Signal Transduction Laboratory, National Institute of Environmental Health Sciences, NIH, Research Triangle Park, NC 27709.
Department of Cell Biology and Neuroscience, Rutgers University, Piscataway, NJ 08854.
Proc Natl Acad Sci U S A. 2020 Aug 11;117(32):19245-19253. doi: 10.1073/pnas.1922284117. Epub 2020 Jul 29.

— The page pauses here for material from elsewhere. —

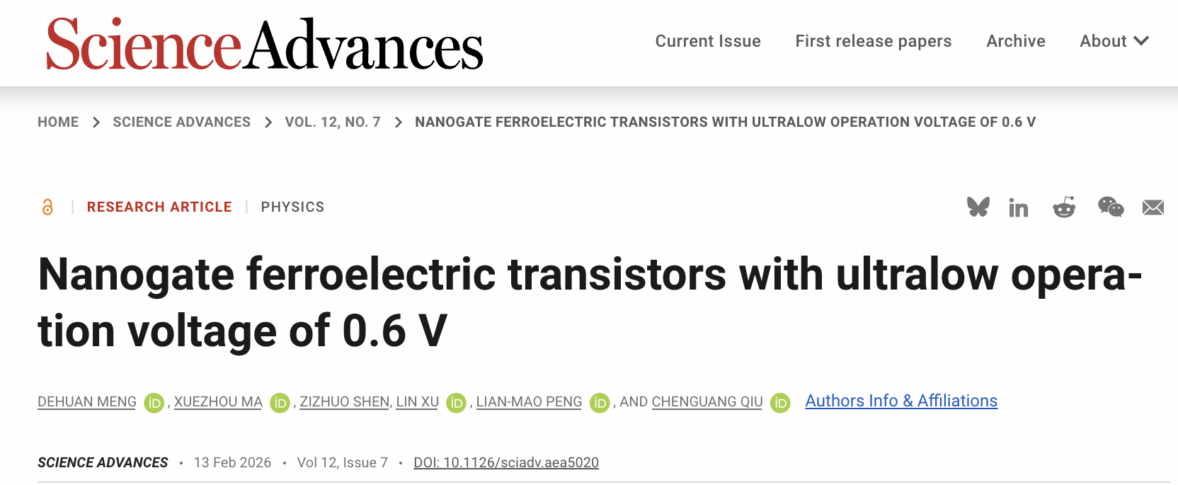 北京大学在非易失性存储器领域取得突破性进展。电子学院邱晨光-彭练矛团队首次提出“纳米栅超低功耗铁电晶体管”。团队通过精巧设计铁电存储的器件结构,引入纳米栅极电场汇聚增强效应,**研制出可在0.6V超低电压下工作的铁电晶体管,能耗降低至0.45 fJ/μm,并且将物理栅长缩减到1纳米极限,为国际上迄今尺寸最小、功耗最低的铁电晶体管,为构建高性能亚1纳米节点芯片和高算力AI芯片架构提供了更具潜力的新物理机制存储器件。**该突破性成果以“Nanogate ferroelectric transistors with ultralow operation voltage of 0.6 V ”为题,在线发表于Science子刊《科学·进展》(Science Advances)。
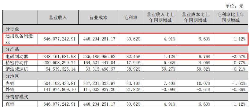 同时,核心产品“电磁制动器”毛利率的下滑,直接拖累瑞迪智驱2025年整体毛利率同比减少1.12个百分点至30.62%。

Regulation of enzymatic 5' decapping of messenger RNA (mRNA), which normally commits transcripts to their destruction, has the capacity to dynamically reshape the transcriptome. For example, protection from 5' decapping promotes accumulation of mRNAs into processing (P) bodies-membraneless, biomolecular condensates. Such compartmentalization of mRNAs temporarily removes them from the translatable pool; these repressed transcripts are stabilized and stored until P-body dissolution permits transcript reentry into the cytosol. Here, we describe regulation of mRNA stability and P-body dynamics by the inositol pyrophosphate signaling molecule 5-InsP (5-diphosphoinositol pentakisphosphate). First, we demonstrate 5-InsP inhibits decapping by recombinant NUDT3 (Nudix [nucleoside diphosphate linked moiety X]-type hydrolase 3) in vitro. Next, in intact HEK293 and HCT116 cells, we monitored the stability of a cadre of NUDT3 mRNA substrates following CRISPR-Cas9 knockout of (diphosphoinositol pentakisphosphate 5-kinases type 1 and 2, i.e., KO), which elevates cellular 5-InsP levels by two- to threefold (i.e., within the physiological rheostatic range). The KO cells exhibited elevated levels of NUDT3 mRNA substrates and increased P-body abundance. Pharmacological and genetic attenuation of 5-InsP synthesis in the KO background reverted both NUDT3 mRNA substrate levels and P-body counts to those of wild-type cells. Furthermore, liposomal delivery of a metabolically resistant 5-InsP analog into wild-type cells elevated levels of NUDT3 mRNA substrates and raised P-body abundance. In the context that cellular 5-InsP levels normally fluctuate in response to changes in the bioenergetic environment, regulation of mRNA structure by this inositol pyrophosphate represents an epitranscriptomic control process. The associated impact on P-body dynamics has relevance to regulation of stem cell differentiation, stress responses, and, potentially, amelioration of neurodegenerative diseases and aging.
调控酶介导的信使 RNA(mRNA)5'端去帽,通常使转录本降解,从而动态重塑转录组。例如,mRNA 5'端去帽的保护促进了加工(P)体的积累——无膜的生物分子凝聚物。这种 mRNA 的区室化将其暂时从可翻译池中移除;这些被抑制的转录本被稳定和储存,直到 P 体解体允许转录本重新进入细胞质。在这里,我们描述了肌醇焦磷酸信号分子 5-InsP(5-二磷酸肌醇 pentakisphosphate)对 mRNA 稳定性和 P 体动力学的调节。首先,我们证明了在体外,重组 NUDT3(Nudix [核苷二磷酸连接部分 X]-型水解酶 3)抑制 5-InsP 的脱帽作用。接下来,在完整的 HEK293 和 HCT116 细胞中,我们监测了一系列 NUDT3 mRNA 底物在 CRISPR-Cas9 敲除(二磷酸肌醇 pentakisphosphate 5-激酶 1 和 2,即 KO)后的稳定性,该 KO 细胞通过两到三倍(即在生理电阻范围内)提高细胞内 5-InsP 水平。KO 细胞表现出 NUDT3 mRNA 底物水平升高和 P 体丰度增加。在 KO 背景下,5-InsP 合成的药理学和遗传学衰减使 NUDT3 mRNA 底物水平和 P 体计数恢复到野生型细胞的水平。此外,将代谢稳定的 5-InsP 类似物包裹在脂质体中递送到野生型细胞中,提高了 NUDT3 mRNA 底物的水平,并增加了 P 体的丰度。鉴于细胞内 5-InsP 水平通常会根据生物能量环境的变化而波动,这种肌醇焦磷酸对 mRNA 结构的调控代表了一种转录后调控过程。这种对 P 体动力学的影响与干细胞分化、应激反应以及潜在的神经退行性疾病和衰老的改善有关。